» What is being asked:
Return the stretch from the line with "Au cours de" through the line with "秦州区融媒体中心3月11日讯" in the data below, character for character, skipping all pictures.

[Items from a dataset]
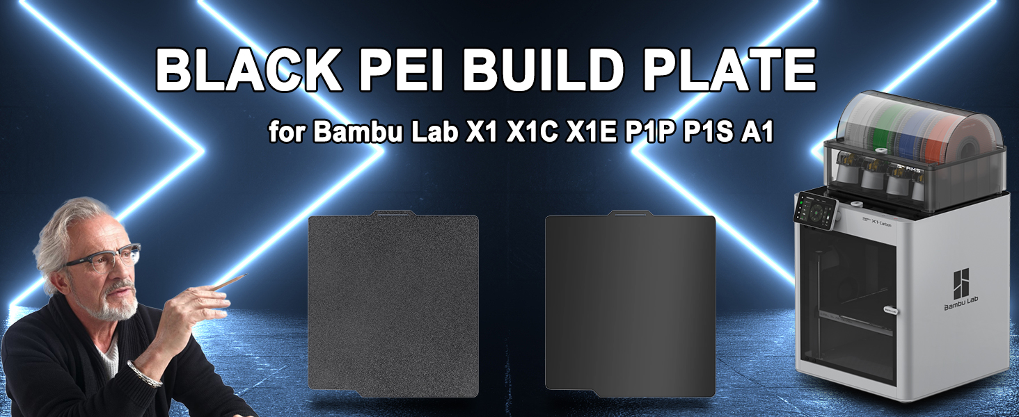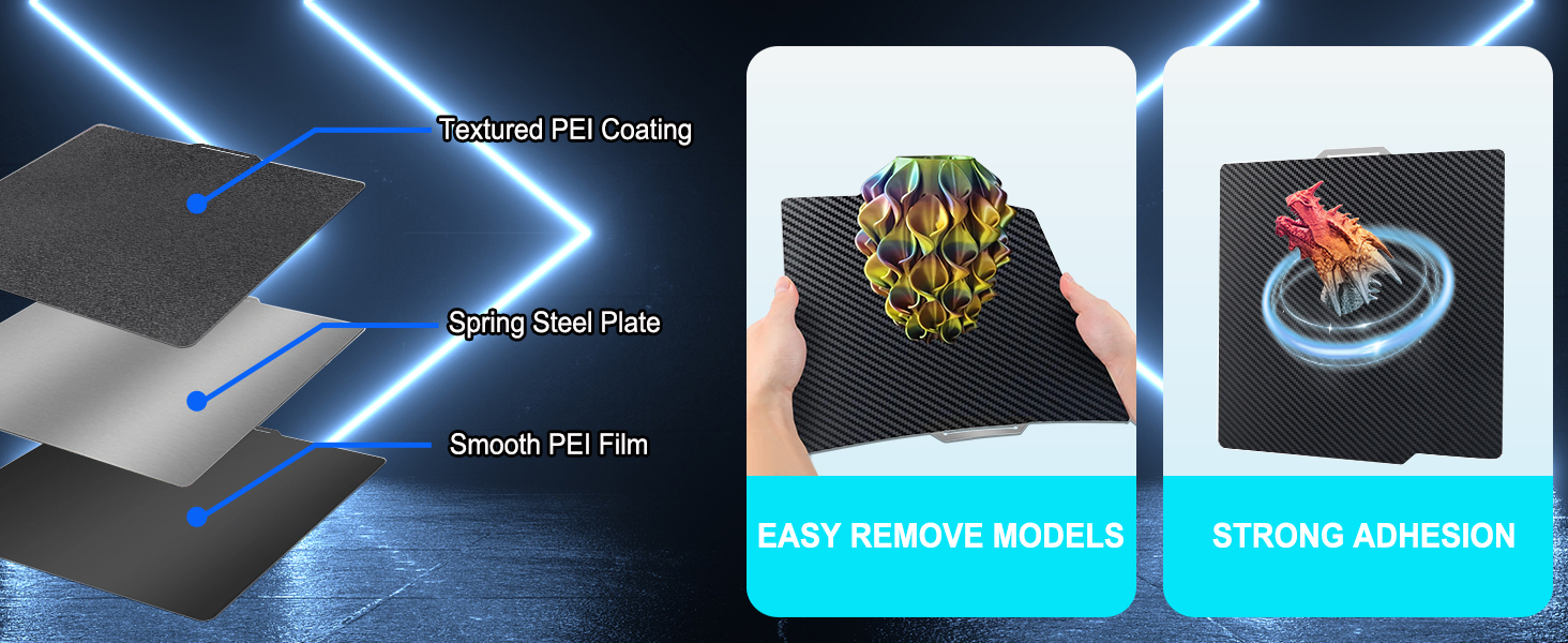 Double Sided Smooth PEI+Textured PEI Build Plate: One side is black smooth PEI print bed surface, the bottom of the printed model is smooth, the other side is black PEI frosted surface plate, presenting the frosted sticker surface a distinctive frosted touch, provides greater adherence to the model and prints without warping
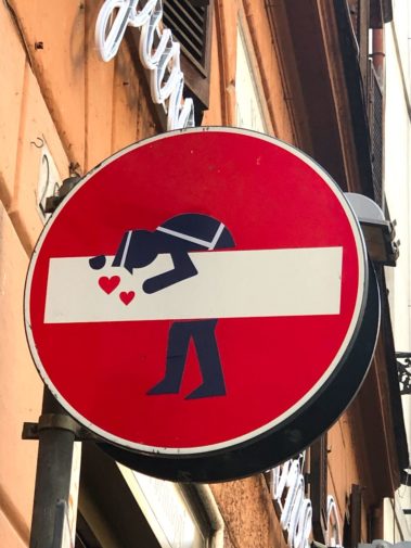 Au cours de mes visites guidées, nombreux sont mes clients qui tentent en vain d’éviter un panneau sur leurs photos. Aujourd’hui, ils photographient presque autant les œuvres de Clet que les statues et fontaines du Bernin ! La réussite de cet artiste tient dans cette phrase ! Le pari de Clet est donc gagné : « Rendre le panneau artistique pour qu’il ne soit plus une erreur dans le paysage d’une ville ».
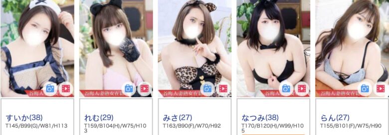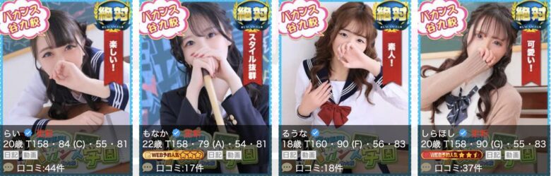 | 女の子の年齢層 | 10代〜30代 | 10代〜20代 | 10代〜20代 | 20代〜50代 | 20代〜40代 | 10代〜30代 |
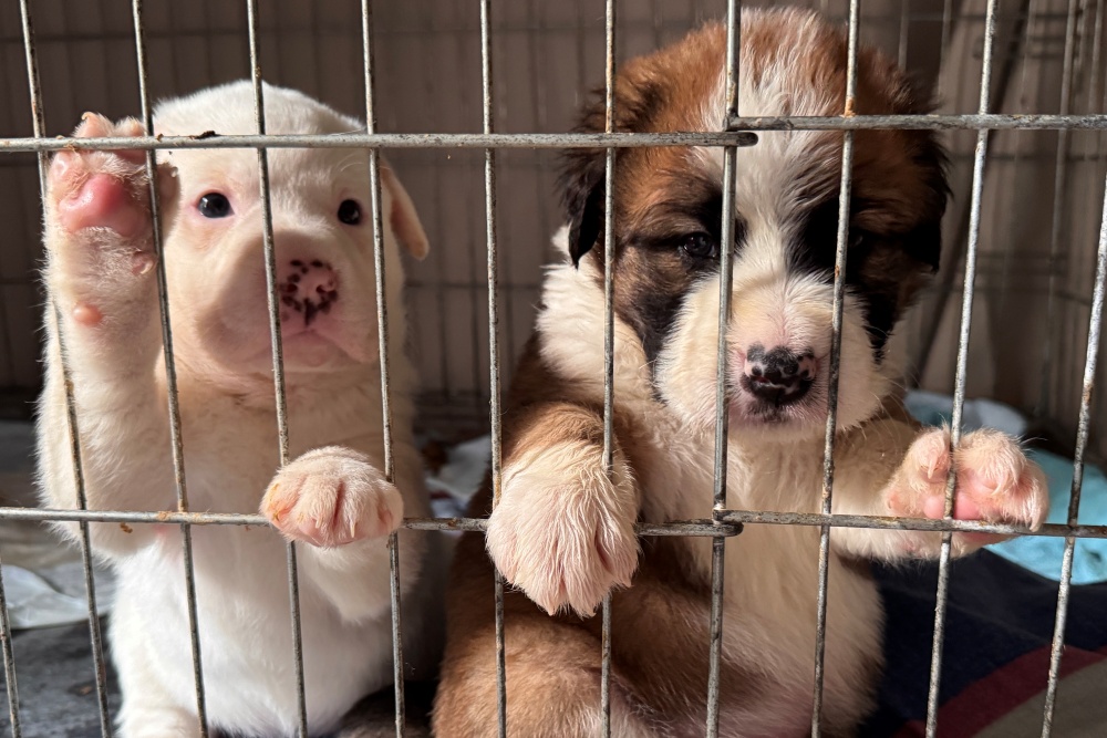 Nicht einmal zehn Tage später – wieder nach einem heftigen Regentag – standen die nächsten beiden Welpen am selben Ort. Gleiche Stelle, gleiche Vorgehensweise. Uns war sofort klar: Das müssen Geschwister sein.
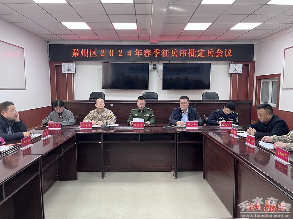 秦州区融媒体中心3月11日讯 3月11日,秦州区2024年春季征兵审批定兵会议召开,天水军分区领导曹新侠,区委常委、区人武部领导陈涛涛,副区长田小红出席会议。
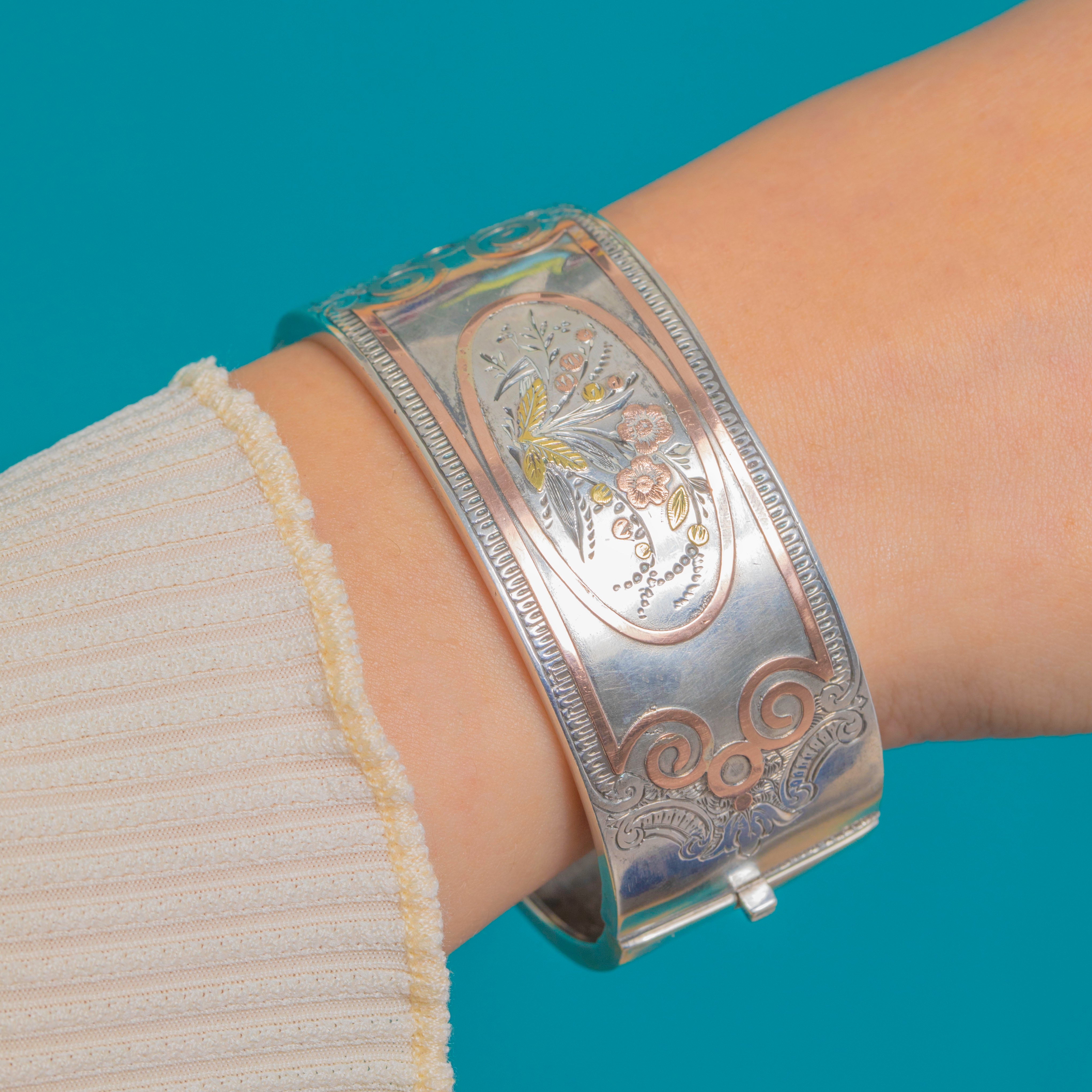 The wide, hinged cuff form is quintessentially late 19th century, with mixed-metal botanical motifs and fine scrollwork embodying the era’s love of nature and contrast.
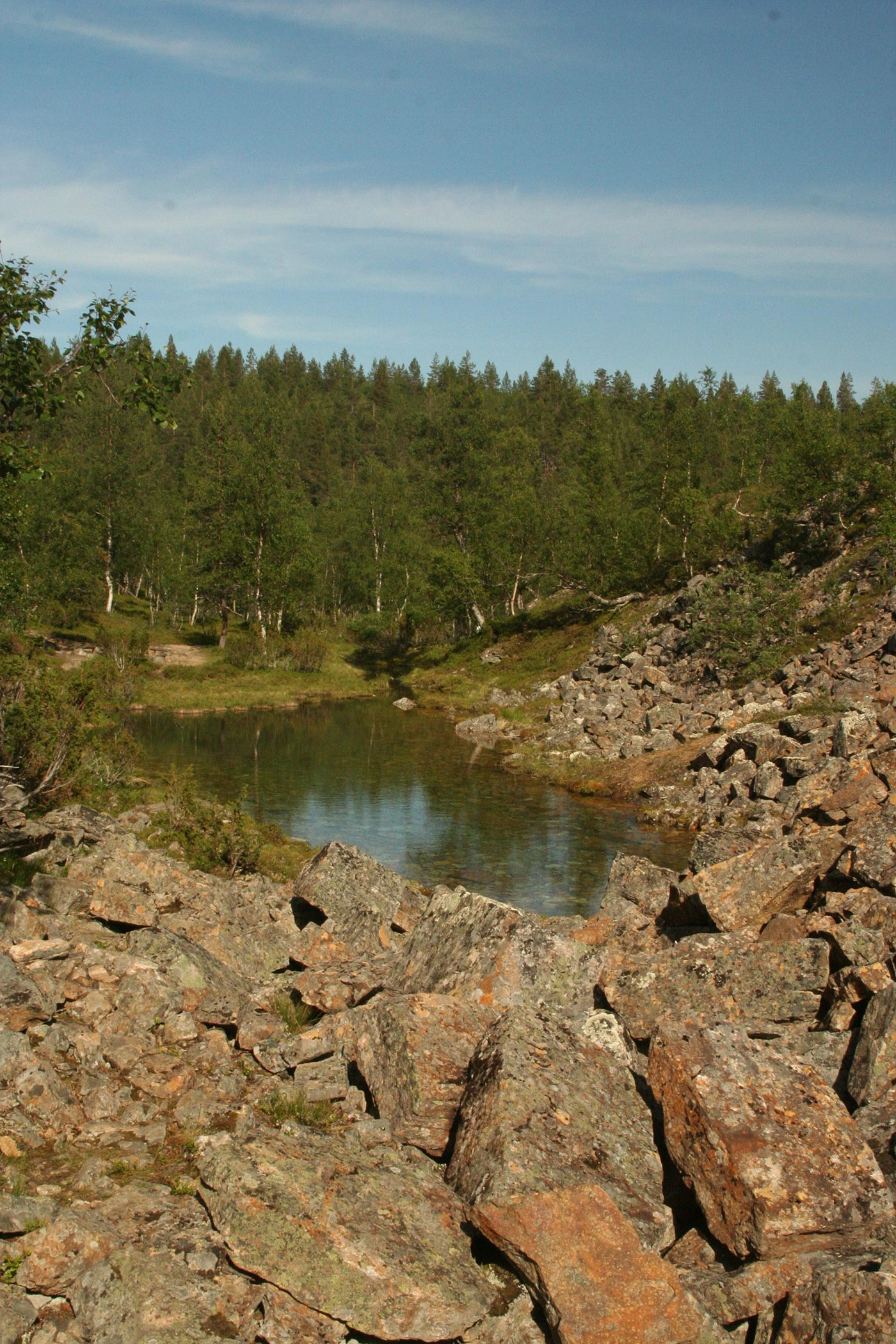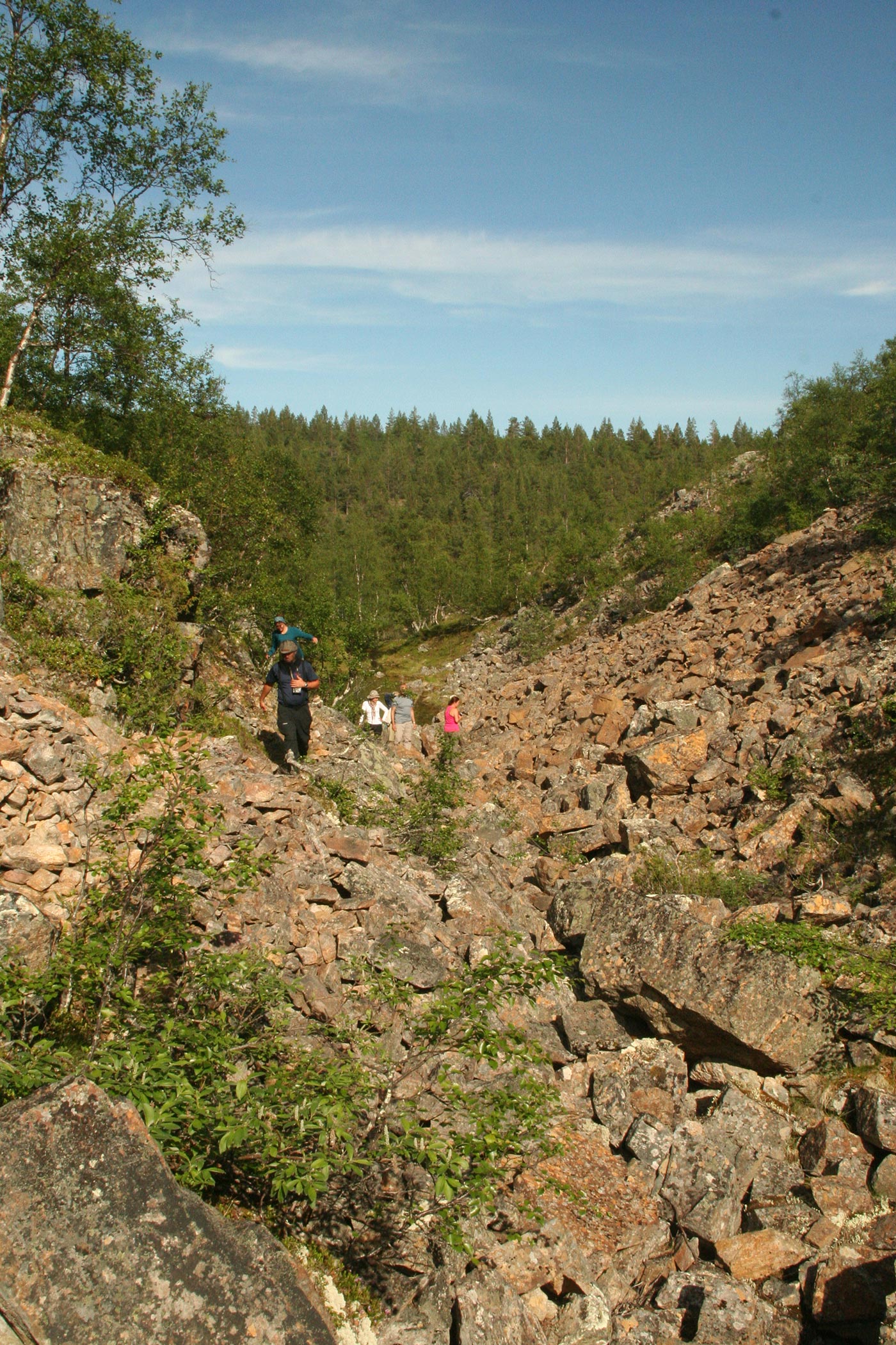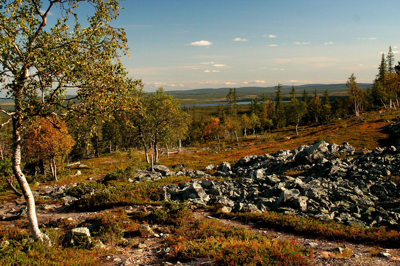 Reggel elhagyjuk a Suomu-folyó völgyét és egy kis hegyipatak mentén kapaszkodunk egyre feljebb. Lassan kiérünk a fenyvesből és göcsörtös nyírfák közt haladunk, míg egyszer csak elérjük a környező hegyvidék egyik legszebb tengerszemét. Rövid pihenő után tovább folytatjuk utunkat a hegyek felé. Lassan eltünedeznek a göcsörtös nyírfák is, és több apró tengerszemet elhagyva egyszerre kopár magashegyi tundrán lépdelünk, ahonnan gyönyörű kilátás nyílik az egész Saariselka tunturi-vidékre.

» Answer to this problem:
 Au cours de mes visites guidées, nombreux sont mes clients qui tentent en vain d’éviter un panneau sur leurs photos. Aujourd’hui, ils photographient presque autant les œuvres de Clet que les statues et fontaines du Bernin ! La réussite de cet artiste tient dans cette phrase ! Le pari de Clet est donc gagné : « Rendre le panneau artistique pour qu’il ne soit plus une erreur dans le paysage d’une ville ».
 | 女の子の年齢層 | 10代〜30代 | 10代〜20代 | 10代〜20代 | 20代〜50代 | 20代〜40代 | 10代〜30代 |
 Nicht einmal zehn Tage später – wieder nach einem heftigen Regentag – standen die nächsten beiden Welpen am selben Ort. Gleiche Stelle, gleiche Vorgehensweise. Uns war sofort klar: Das müssen Geschwister sein.
 秦州区融媒体中心3月11日讯 3月11日,秦州区2024年春季征兵审批定兵会议召开,天水军分区领导曹新侠,区委常委、区人武部领导陈涛涛,副区长田小红出席会议。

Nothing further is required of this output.